Drug Resistance Is Rare but Real
Because these medications depend on the virus’s own thymidine kinase enzyme to become activated, resistance develops when the virus mutates that enzyme so it no longer recognizes the drug. In people with healthy immune systems, this is uncommon. Surveillance data puts resistance rates below 1 percent in the general population, regardless of how long someone has been on treatment.
The picture changes for people with weakened immune systems, such as organ transplant recipients or those undergoing certain cancer treatments. In these groups, the virus replicates more aggressively and has more opportunities to mutate, which drives resistance rates significantly higher. When standard antivirals stop working, doctors turn to alternative medications that bypass thymidine kinase entirely and attack viral DNA replication through a different pathway. These alternatives tend to have more side effects, which is why they’re reserved for resistant cases.
What Medication Timing Actually Looks Like
For a first outbreak, treatment typically lasts 7 to 10 days. First episodes are usually the most severe because your immune system hasn’t built any defenses against the virus yet, so a longer course helps your body catch up. Recurrent outbreaks are shorter and milder on their own, and a 3 to 5 day course of medication can speed healing further if you start at the first symptom.

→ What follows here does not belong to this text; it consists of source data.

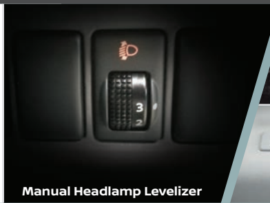
Manual Headlamp Levelizer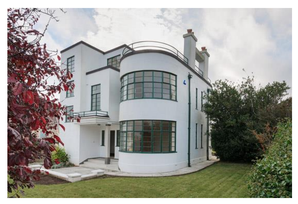
Figure 36: The Melville Aubin designed Sunpark, a 1930s art deco property in Park Avenue.

7.8.19 A number of buildings in Higher Brixham outside the conservation area are of historic significance. Gentry houses were built as villas in landscaped grounds with drives such as Laywell House in Summer Lane, Laywell Cottage (Aylmer), Kings Barton and also the very different 1930s modern movement house "Suncourt" in Park Avenue.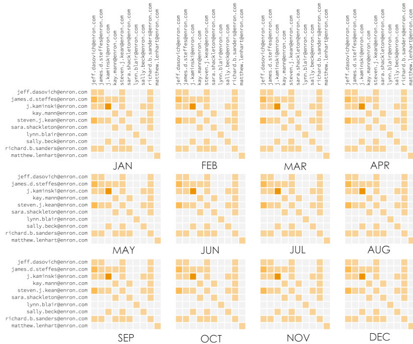
Fig. 1. Small Multiples Matrix-based Diagram representing Enron company's individuals email relationships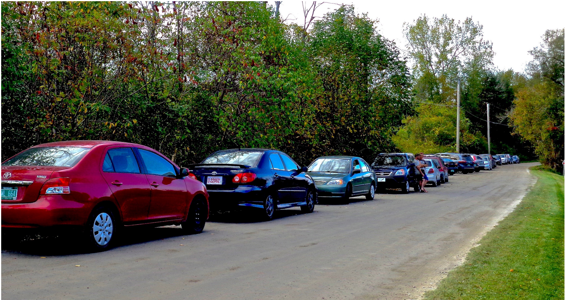
Cars along Coburn Road, September 27, 2017

If you’re on daily suppressive therapy, your doctor will generally reassess once a year. Many people find that after a year or more of suppression, their outbreak frequency has dropped enough to try stopping medication and seeing how things go. Others, particularly those in relationships with uninfected partners, choose to stay on suppressive therapy long-term. The safety profile of these drugs over years of continuous use is well established, and there’s no evidence that long-term use causes the virus to “rebound” worse when you stop.